__Activity__: Could you please retype exactly the lines from the start of the records below through the line that contains "[연천=뉴시스] 김혜진 기자", both included, and leave out the pictures?

__Input__:
□ □ □ □

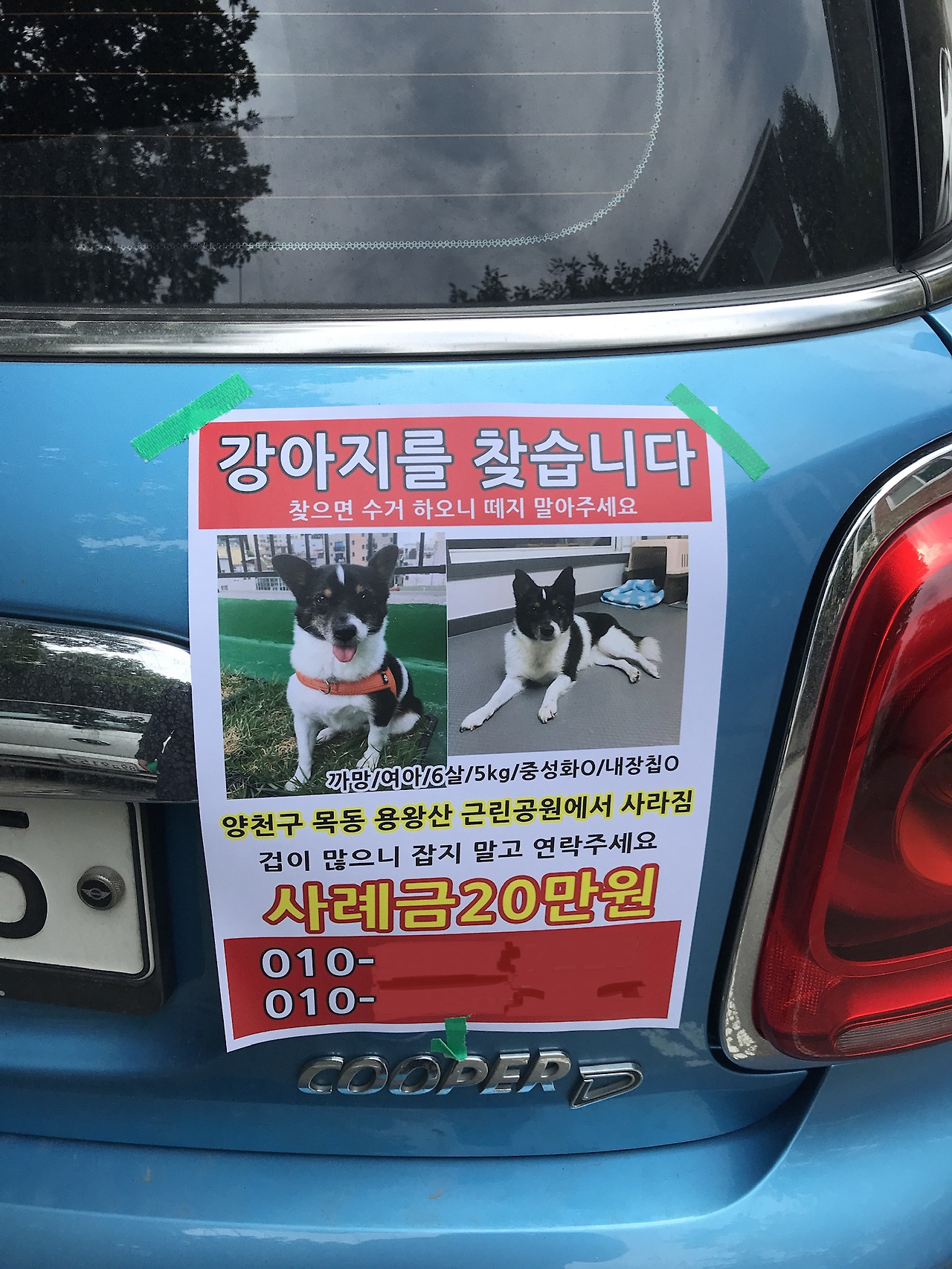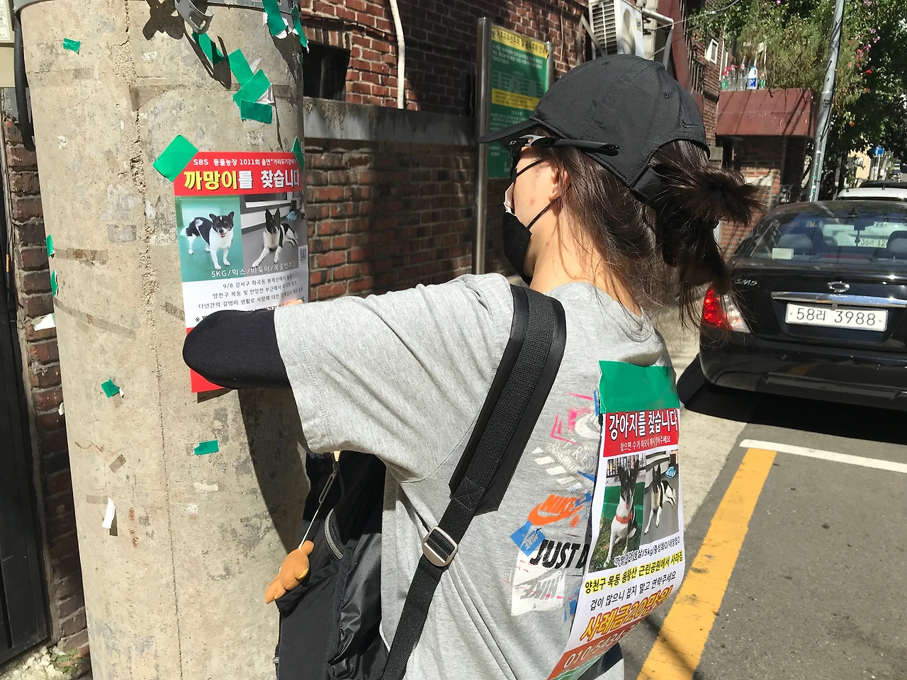 다수의 구조 경험이 있는 단체 회원분들의 조언에 따라 일단 전단지 작업에 들어갔다. 정신이 없을 나와 가족을 위해 빠르게 전단지를 만들어 출력해 와 주신 회원분들의 도움으로 근처 주택가와 용왕산 산책로 주변에서 신속하게 작업을 진행할 수 있었다. 평소 알고 지내던 지인과 까망이를 최초 구조하셨던 분들, 그 밖에 근처에 사시는 회원분들이 밤늦게까지 전단지를 붙여주셨고 한편에선 SNS 및 당근 마켓, 맘 카페와 같은 지역 커뮤니티에 까망이 소식을 끊임없이 공유해 주셨다.
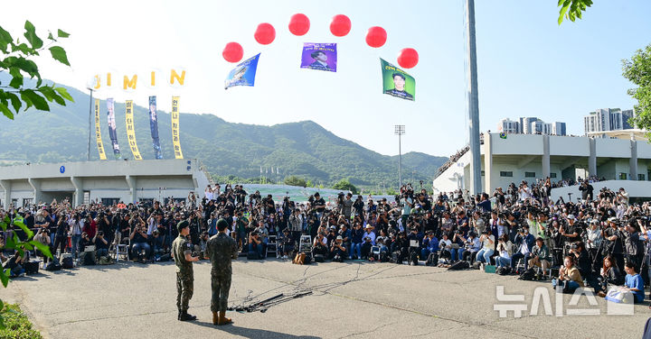 [연천=뉴시스] 김혜진 기자 = 군 복무를 마친 방탄소년단 정국(왼쪽), 지민이 11일 오전 경기도 연천군의 한 부대 인근에서 전역 인사를 하고 있다. 2025.06.11. [email protected]
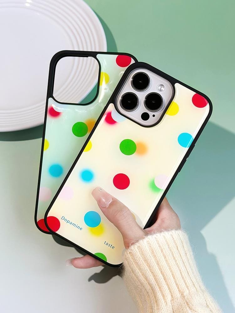Apple iPhone 16 Pro Max Colored Polka Dots on Cream Background Phone Case – Fits iPhone 16/15/14/13/12/11
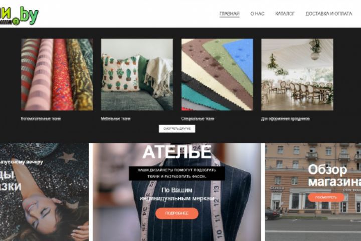 Разработка текстов, обработка изображений, и др. Адаптивный сайт для интернет-магазина по продаже тканей и фурнитуры, под ключ.
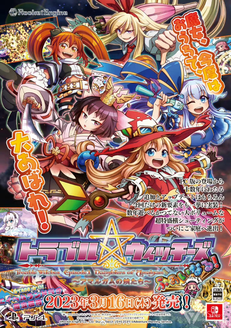 2D横向卷轴类型射击游戏《问题小魔女 最终版! ~EP1 汞合金的少女们~》(官译是麻烦小魔女)宣布将于2023年3月16日发售于PS4、NS平台。本作收录了之前系列的所有游戏模式,并追加了两名新的魔女以及新魔法卡。TGS 2022期间将会在Konami摊位中开放实机试玩。
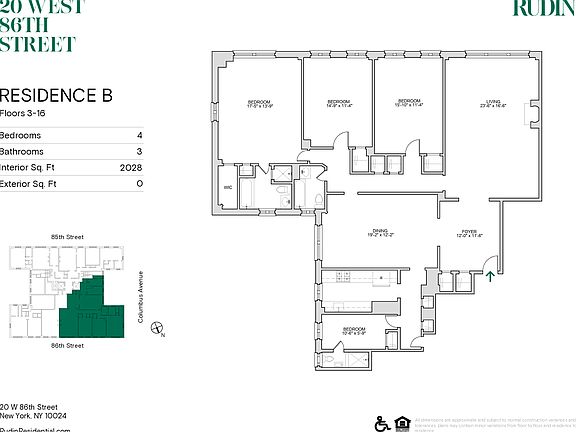 Spacious, 4 Bedroom, 3 Bathroom home, apartment 9B features:
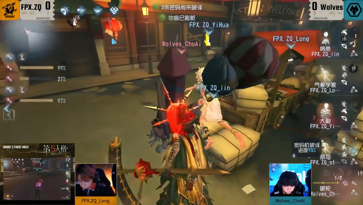 今日第三场FPX.ZQ vs成都Wolves。第三局上半局成都Wolves_ChoAi破轮开局追击大副,守椅战中监管者成功阻拦病患救援,并顺利淘汰大副。中期破轮精准穿刺消耗求生者状态,围绕密码机展开控场,最终三人开门战成都Wolves监管者逐个击破完成四抓。
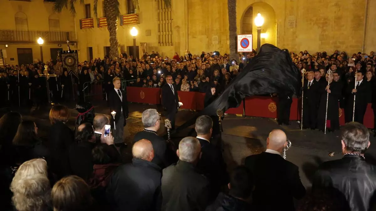 La jornada de ayer, marcada por el silencio, la devoción y el recuerdo de las víctimas de la pandemia, dejará paso este Viernes Santo a la procesión general de cofradías y hermandades y al Santo Entierro. Una vez que el Santo Sepulcro y la Virgen de los Dolores hagan acto de presencia en la nueva Plaça de Baix peatonal, algo previsto a las 23 horas, se producirá la «Trencà del Guió», que será uno de los puntos fuertes de la noche ilicitana. Este ritual, que data de finales del siglo XVI, es una de las ceremonias características de la Semana Santa de Elche. La tradición marca que si el guion se consigue romper a la primera, será un buen año para la ciudad. María Cartagena, Andrea Moltó y Silvia Agulló forman la tripleta.
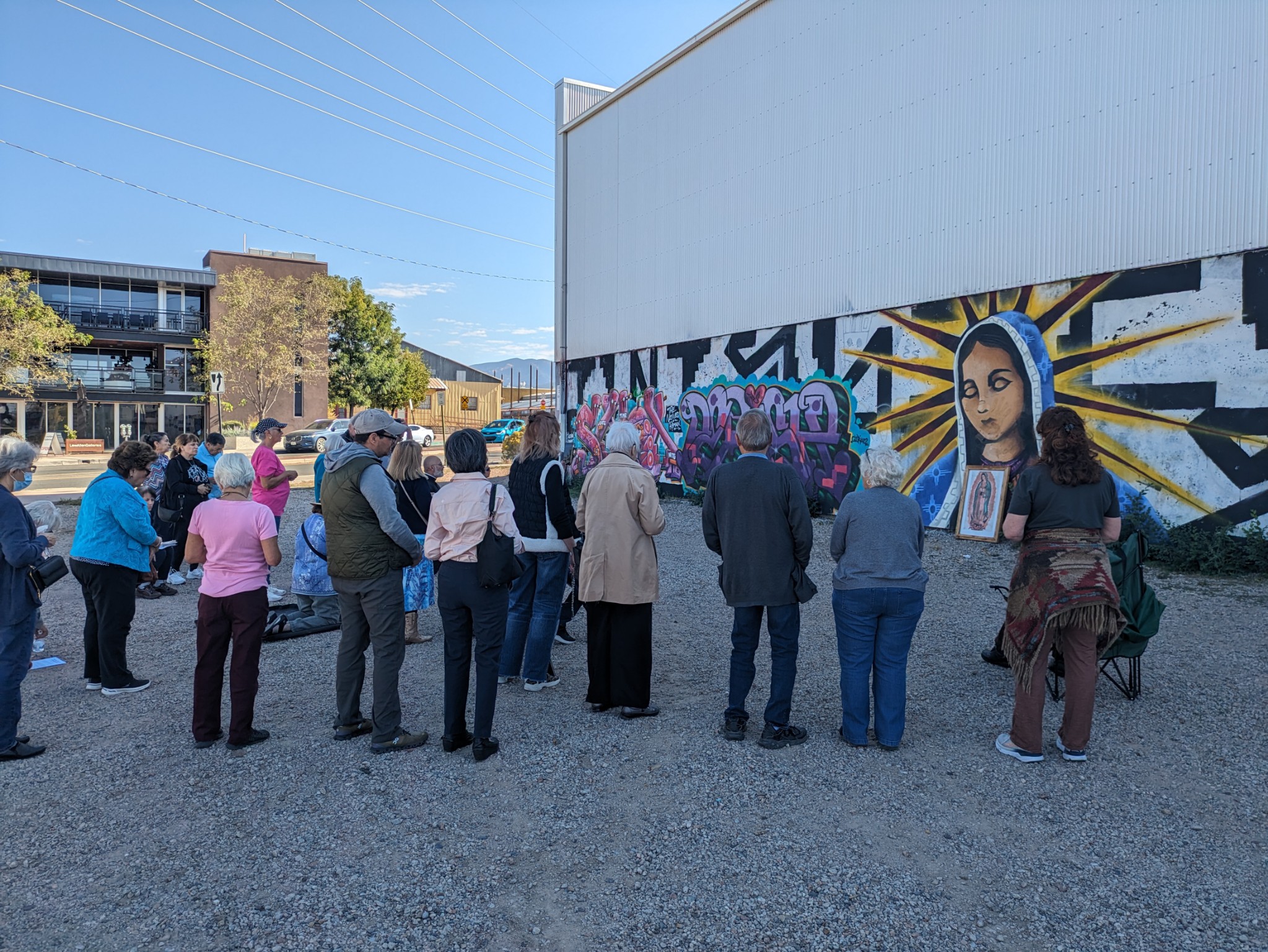 Over 20 people gathered to pray the rosary at Warehouse 21, a City of Santa Fe
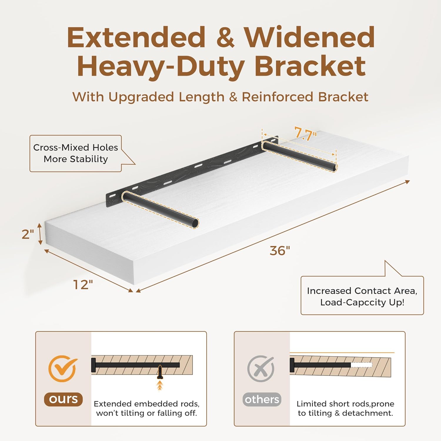 White Floating Shelves 36 Inch Long, 12 Inch Deep Floating Shelves for Wall, 36 x 12 Shelves for Wall Storage & Display, 2" Thick Floating Shelf for Bathroom, Living Room, Bedroom, Set of 2
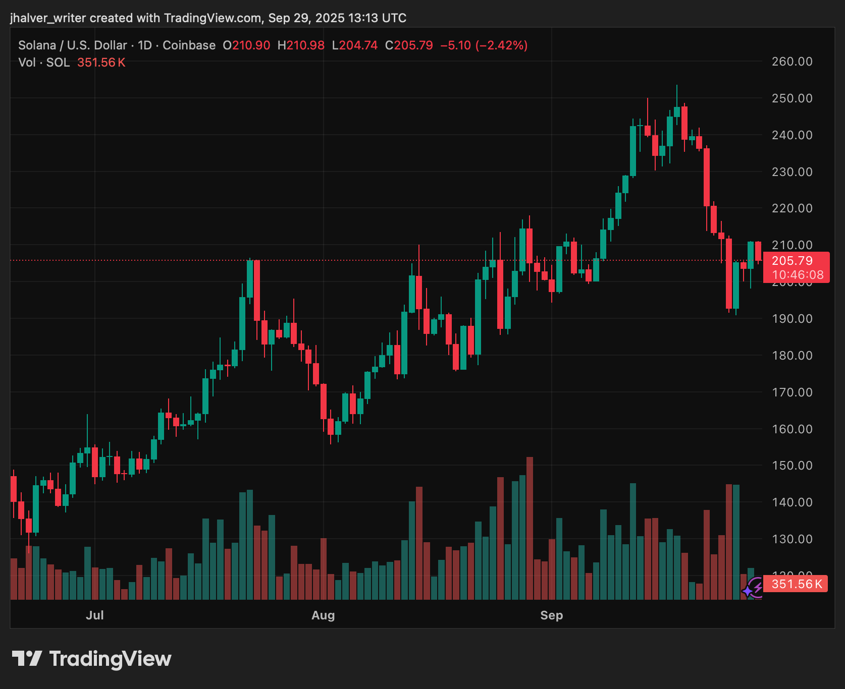 Currently, SOL hovers near $208–$210, up modestly on the day as momentum rebuilds. The market now focuses on $207 as the first support level; a sustained hold preserves the uptrend and keeps a retest of $230–$253 possible, with $257 (the 52-week high) remaining above.
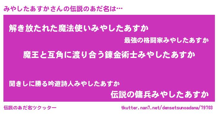 | 女子向けラノベタイトル風あだ名 | 『みやしたあすか恋絵巻』 |
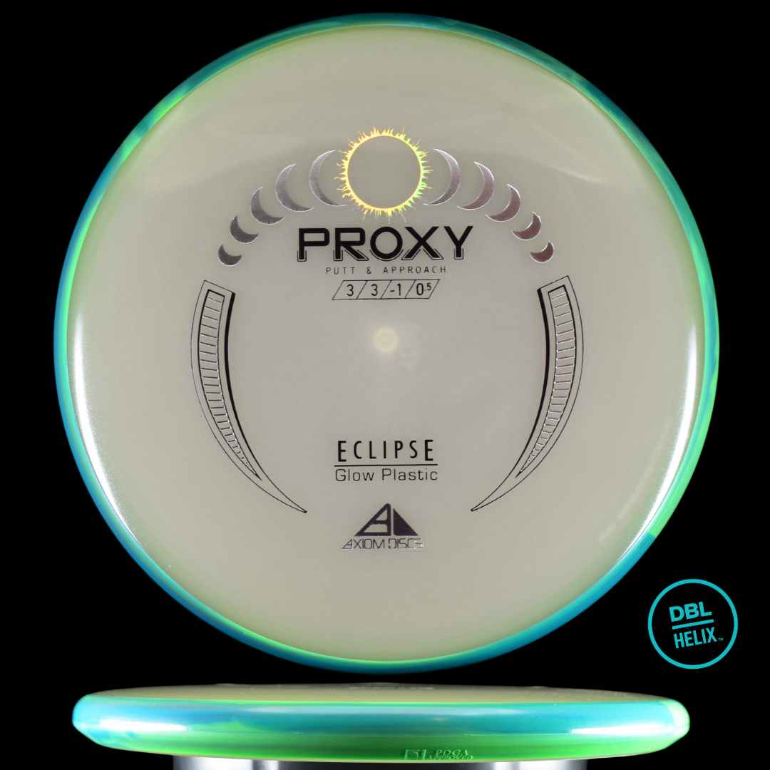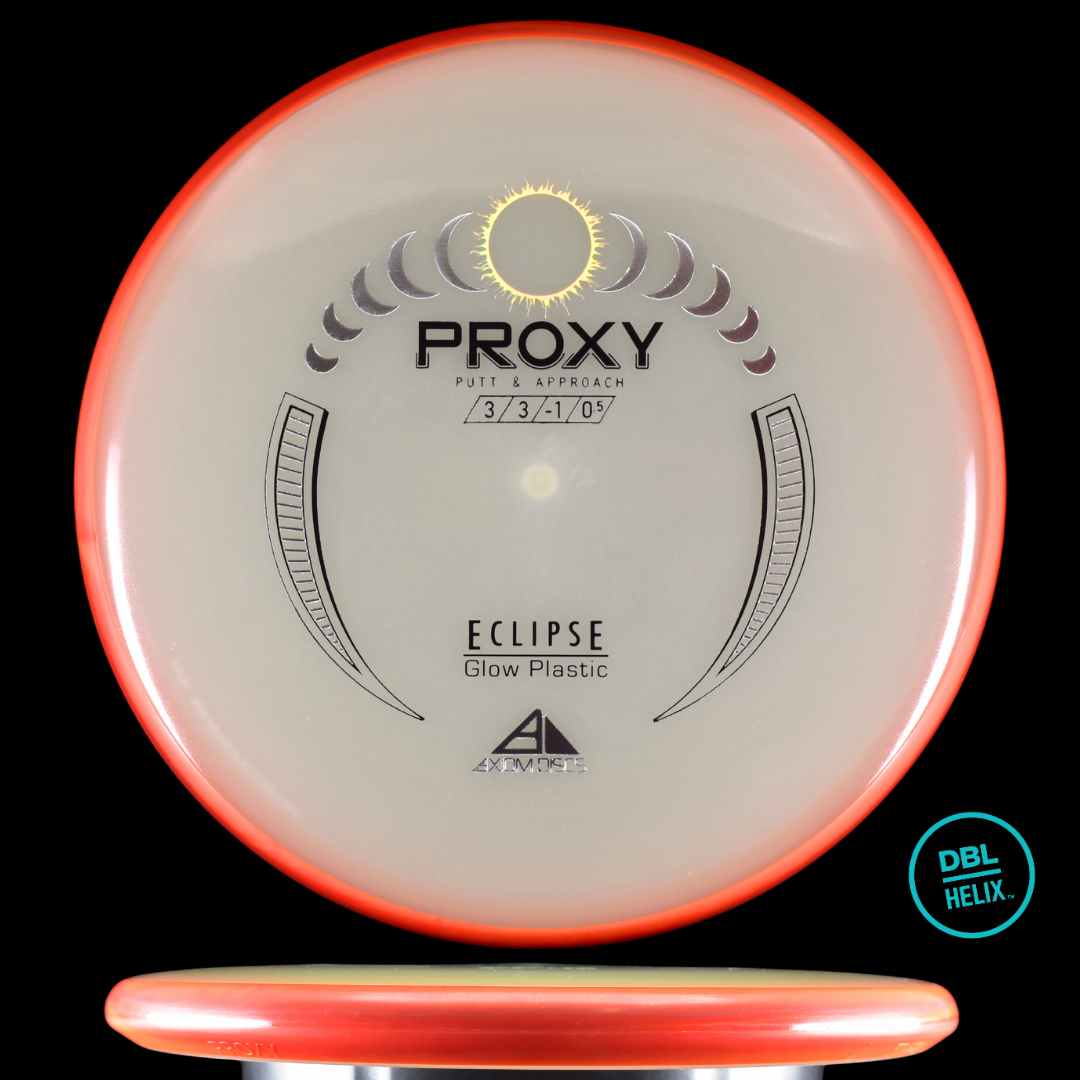 Sharing a core with the Axiom Envy, the Proxy maintains the low-profile feel and solid grip of the Envy, but with a more neutral flight path out of the box. High-speed turn and a forward-fading finish set the Proxy up to be an incredibly versatile disc for shot shaping through wooded holes, around corners, or just laser straight shots
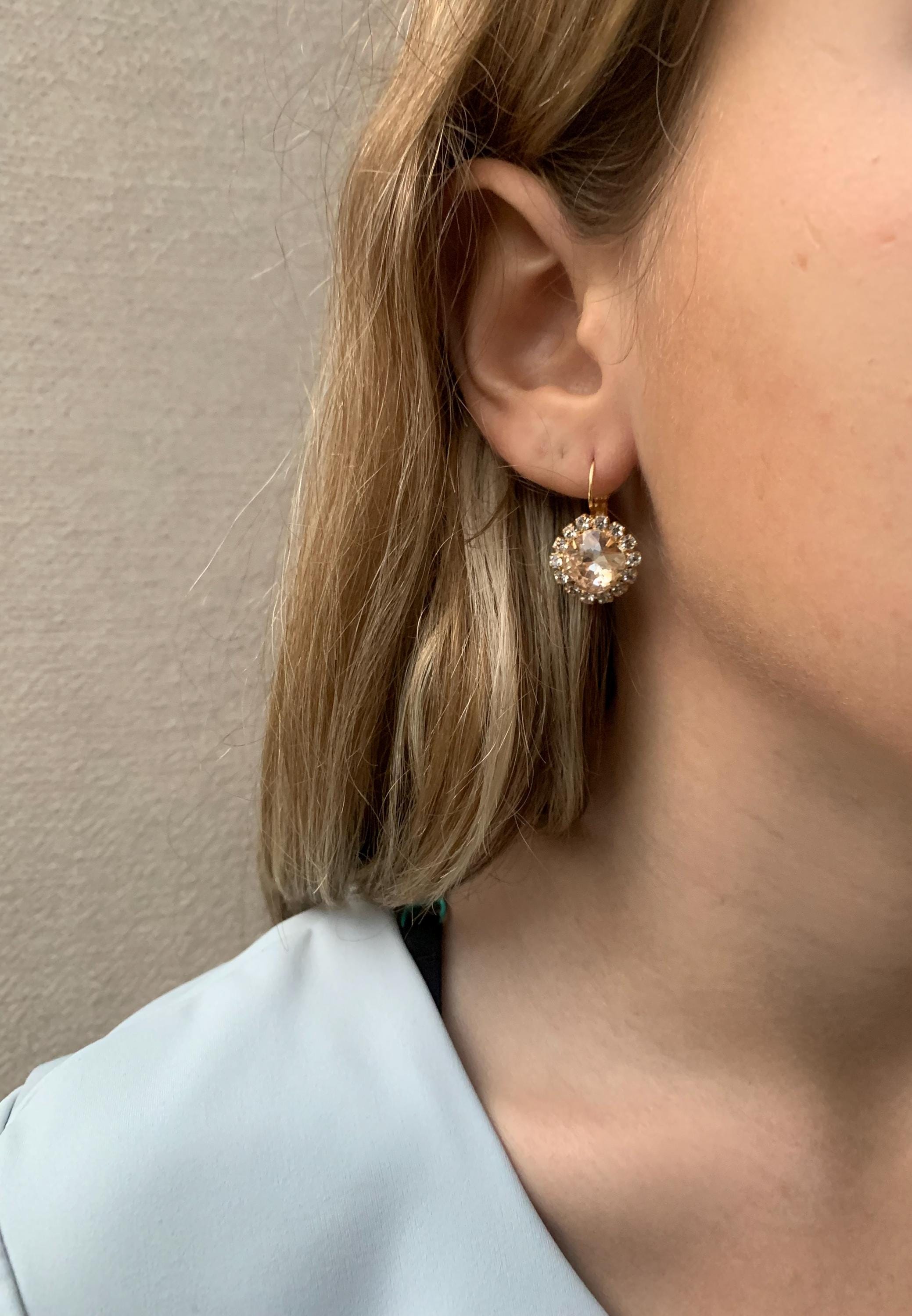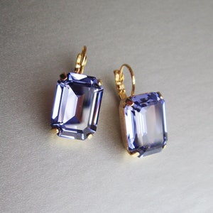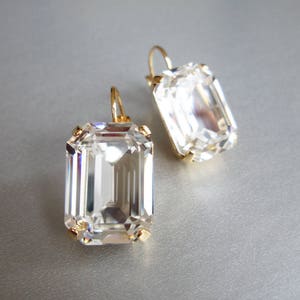 These sparkly earrings are made with fancy cushion cut Premium European Crystal and come in gold or silver finish.

□ □ □ □

__Response to the task__:
 다수의 구조 경험이 있는 단체 회원분들의 조언에 따라 일단 전단지 작업에 들어갔다. 정신이 없을 나와 가족을 위해 빠르게 전단지를 만들어 출력해 와 주신 회원분들의 도움으로 근처 주택가와 용왕산 산책로 주변에서 신속하게 작업을 진행할 수 있었다. 평소 알고 지내던 지인과 까망이를 최초 구조하셨던 분들, 그 밖에 근처에 사시는 회원분들이 밤늦게까지 전단지를 붙여주셨고 한편에선 SNS 및 당근 마켓, 맘 카페와 같은 지역 커뮤니티에 까망이 소식을 끊임없이 공유해 주셨다.
 [연천=뉴시스] 김혜진 기자 = 군 복무를 마친 방탄소년단 정국(왼쪽), 지민이 11일 오전 경기도 연천군의 한 부대 인근에서 전역 인사를 하고 있다. 2025.06.11. [email protected]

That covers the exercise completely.